PKK’nın oy istediği Kemal Kılıçdaroğlu’ndan sonra HDP oylarıyla seçilen Mansur Yavaş da modaya uydu.

Bozuk Türkçesinden anladığımız kadarıyla o da Kandil’i yıkmak istiyor.

Bir parantez açalım burada. Siyasette ne söylediğiniz kadar nasıl söylediğiniz de önemli.

Bazen ikincisi birincisinin önüne bile geçer, ne söylediğiniz değil nasıl dile getirdiğiniz önem kazanır.

Mansur Yavaş’ın düzgün bir cümle kurarken bir hayli zorlanması hitabet gücünün belediyecilik vasfının da altında kaldığını gösteriyor.

O her mikrofonu alıp konuştuğunda kendisini cumhurbaşkanı adayı yapmak için didinenlerin derin bir oh çektiğini görür gibi oluyorum.

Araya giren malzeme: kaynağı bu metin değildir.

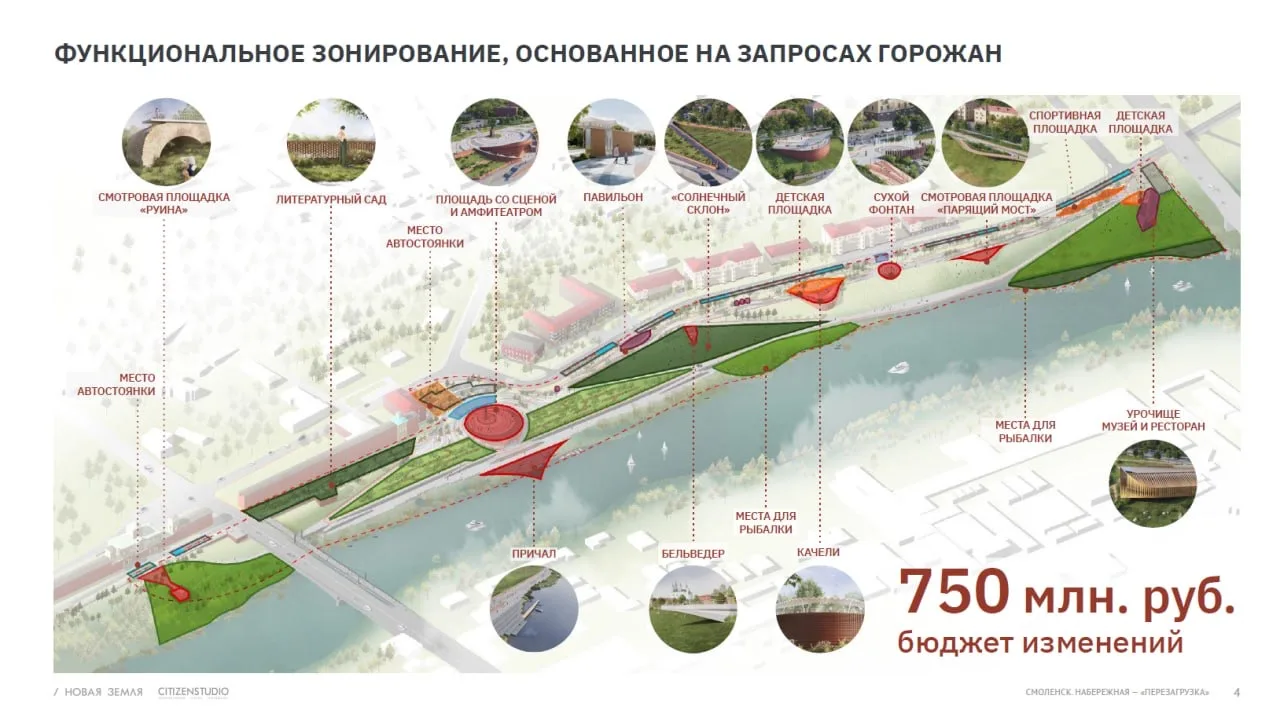 Проект включает функциональные зоны по запросам горожан. Среди ключевых идей: смотровая площадка «Руина», площадь со сценой и амфитеатром, «парящий мост» и сухой фонтан. Также планируются литературный сад, спорткомплекс, причал, музей и ресторан. Стоимость работ оценивается в 750 млн рублей.
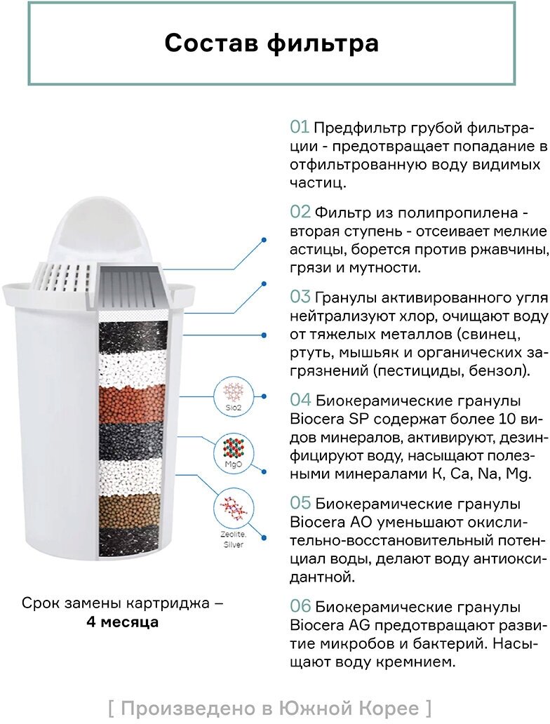 Filter type: jug, type: filter, cleaning functions: ion exchange, mineralization, features: transparent body, water type: cold, functions: mineralization, iron removal, free chlorine removal, softening
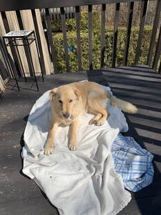 Luna has really taken to Eric. He resigned himself to the fact that we would be foster failures when we agreed to foster Luna. She is very well mannered and let me bathe her and trim her nails with no problem. She is good with our other dogs but does not really engage in play yet. She has a high prey drive and slipped through our wrought iron fence! I knew to watch my son's smaller dog with that but never thought a full-size Golden Retriever would do that! I then spent a good part of the day putting chicken wire all along the fencing to keep her safe! ~ Nancy & Eric
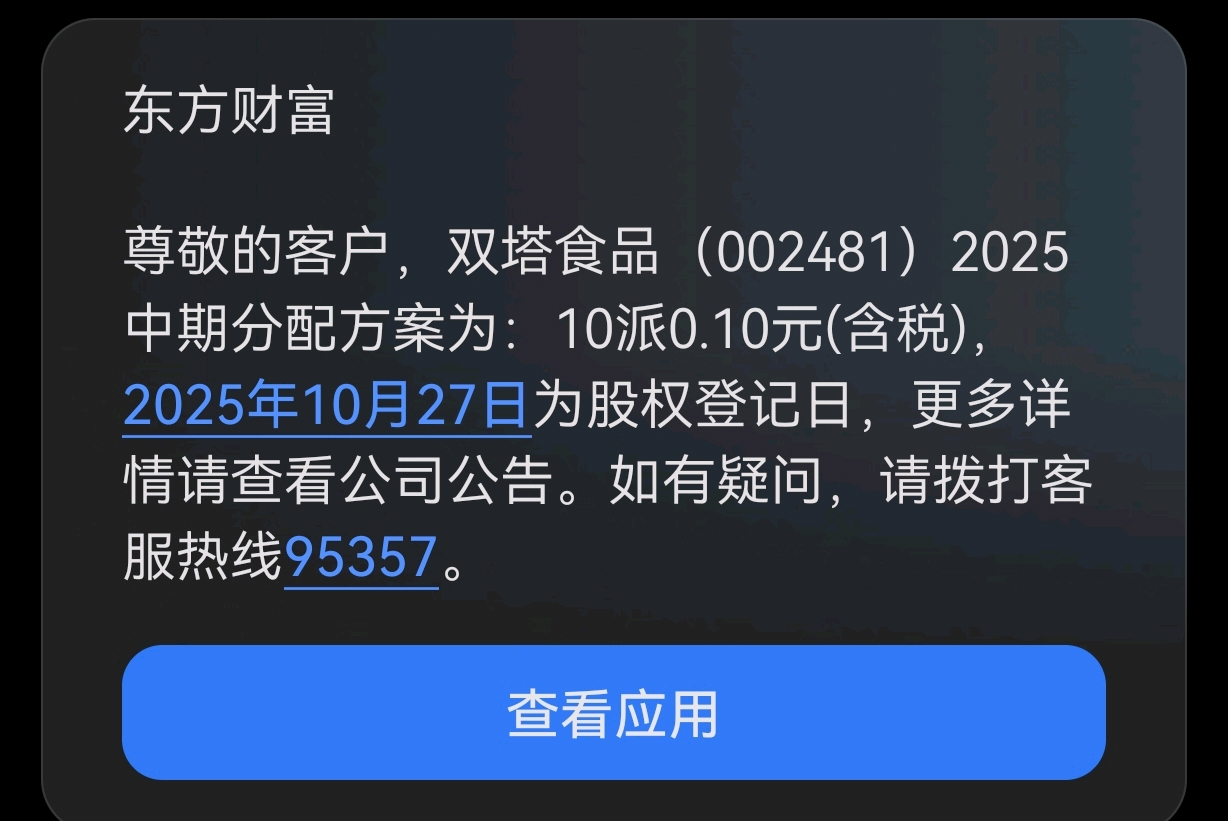 $双塔食品(SZ002481)$ 收到短信是啥意思
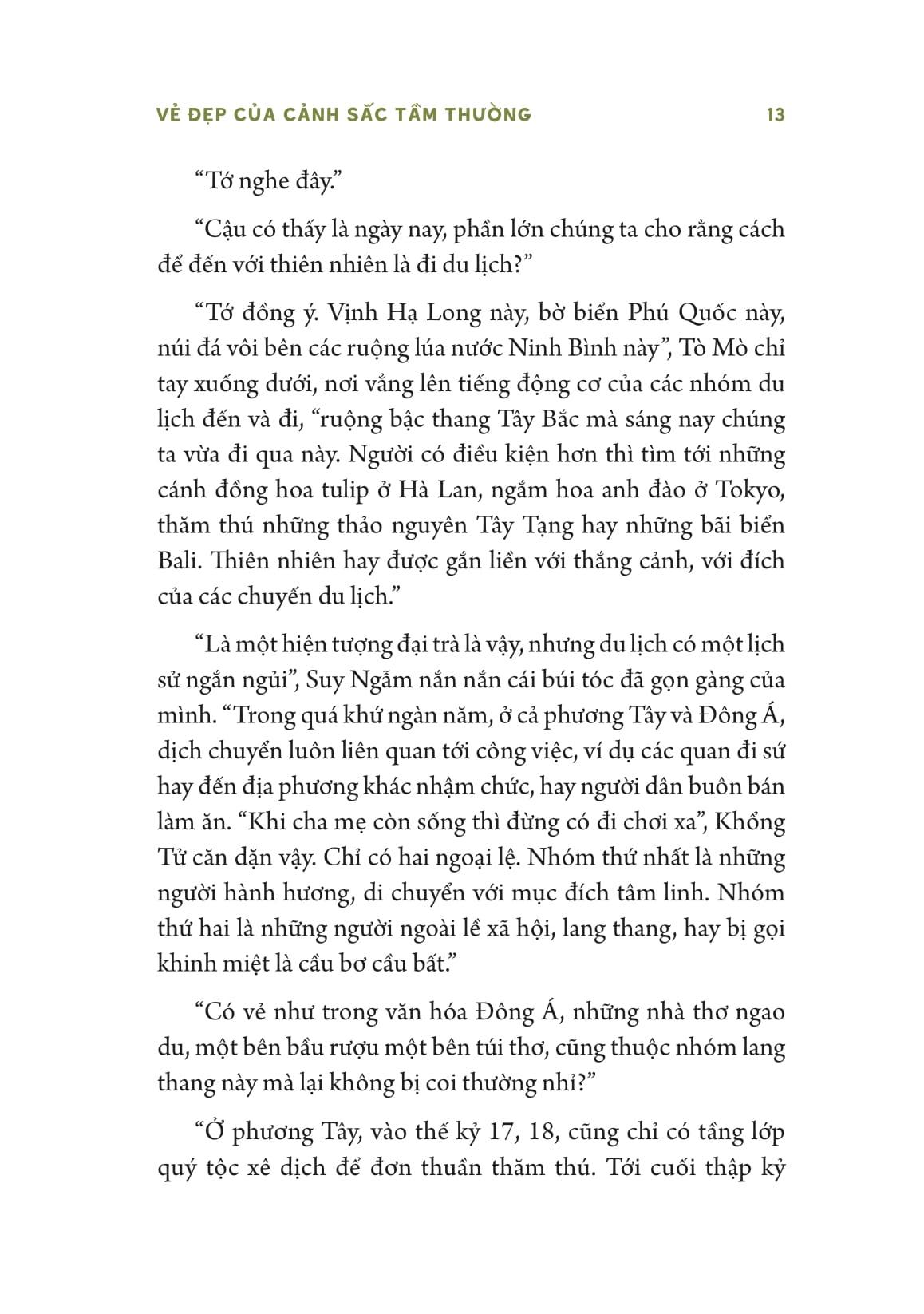 Đó là những gì đôi bạn tuổi trẻ: Tò Mò và Suy Ngẫm đã chia sẻ với nhau trong cuộc đối thoại độc đáo và lôi cuốn xuyên suốt hành trình mà cuốn sách Vẻ đẹp của cảnh sắc tầm thường của tác giả Đặng Hoàng Giang kể lại. Đó là hành trình theo không gian: từ rừng xuống biển, từ những cảnh quan trác tuyệt cho đến những cảnh sắc bình thường như đầm lầy, bãi cỏ, cánh đồng hoang, từ lúc đẹp trời đến cả lúc xấu trời, từ ngày mưa đến ngày nắng… Nhưng đó còn là hành trình theo chiều lịch đại, đi dọc lịch sử của những cách thức đến với thiên nhiên trong quá khứ, từ hàng nghìn năm trước đến nay, trong mối tương quan với quan điểm thẩm mĩ, bối cảnh xã hội và tư tưởng các thời đại khác nhau để lần ra gốc tích những quan niệm cái đẹp mà ngày nay người ta xem là hiển nhiên.
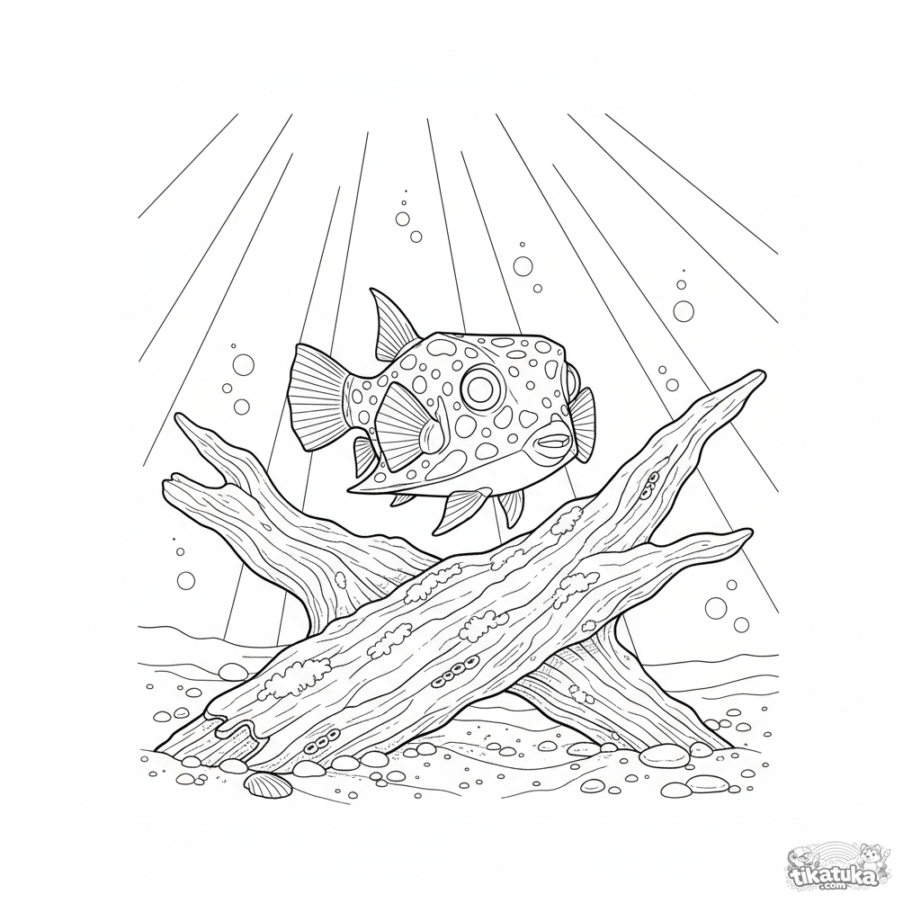 Página para colorir para crianças mais velhas 10-12: um peixe-cofre detalhado explora madeira submersa em um fundo arenoso raso iluminado pelo sol.
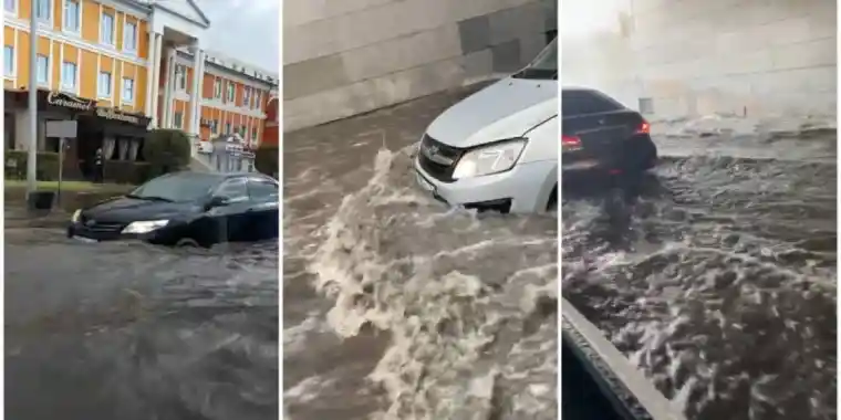 Әлеуметтік желілерде көлге айналған астана көшелерінің видеолары жарияланып жатыр. Автокөліктер суды белуаранын кешіп, бейне бір қайыққа аналғандай.

Parantezi kapatıyorum…

Mansur Yavaş “Kandil yaptığı açıklamalarla bizi zora sokmak istiyor” vecizesini yumurtluyor.

Vay vay… Beyanata bak…

PKK’lılar Kılıçdaroğlu’nun cumhurbaşkanı olmasının bereketlerinden bahsederken pişmiş aşa su katıyorlar demek ki…

Demek ki köşelerinde sessiz sedasız, Kılıçdaroğlu tarafından kendilerine verilen sözlerin yerine getirileceği seçim sonrasını beklemeleri lazım.

Onların sessizliğinde de muhalefet partileri halkın milli duygularını sömürdükçe sömürerek, vatan-millet nutukları atarak ilerlesin dursun.

Herhâlde bunlar olmayınca Mansur Yavaş Kandil’i yakıp yıkmakla tehdit ediyor.

Böyle hava gazı söylemler bana rahmetli Kemal Sunal’ın Mülayim karakteriyle canlandırdığı “Bir acılı, bir acılı daha” diye kebap siparişi verdikten sonra “Mesela yani” diyerek ters köşe yaptığı repliği anımsatıyor.

Kemal Kılıçdaroğlu’nun, Mansur Yavaş’ın Kandil’i yıkma hikâyesi de Mülayim’in “Mesela yani”si gibi.

Mansur Yavaş, Kandil neden PKK’yı duman eden Cumhur İttifakı’nı zora sokmak istemiyor da sizi zora sokmak istiyor?

Kandil tarafından zora sokulacak kadar yumuşak karnınız neresi?

Herkes biliyor aslında neresi olduğunu…

Fakat Kandil ne Kemal Kılıçdaroğlu’nu ne Mansur Yavaş’ı ne de muhalefetten hiç kimseyi zora sokmak istemez, isteyemez.

Bindiği dalı kesmek olur bu…

PKK/Kandil; aslında özerkliği, ana dilde eğitimi, resmi dilin ikiye bölünmesini, Anayasa’nın ilk dört maddesine el uzatılmasını, kendilerine yapılan sınır dışı operasyonların sona erdirilmesini vadeden bir siyasi iklimi sonuna kadar desteklemek amacında sadece…

6 partiye bir nevi teşekkür geri bildirimi yapma isteğindeler.

PKK’lılar kendilerini terörist değil “silahlı halk hareketi” gördükleri için elalem ne der baskısı olmadan methiyeler dizdikleri cumhurbaşkanı adayları Kılıçdaroğlu’na Türk milletinin hangi gözle bakacağını tam olarak kavrayamıyorlar.

Kafka’nın Dönüşüm öyküsünde, kocaman bir böceğe dönüşen Gregor Samsa’nın dış görünüşüne çevresinin nasıl bir iğrençlikle baktığını bir türlü fark edememesi gibi…

PKK her şey olabilir ama Kandil’i başlarına yıkacak bir siyasetçiye oy isteyecek kadar dangalak değildir.

Dangalak, PKK’nın kendisiyle mücadele edecek bir cumhurbaşkanına oy isteyeceğine inanandır.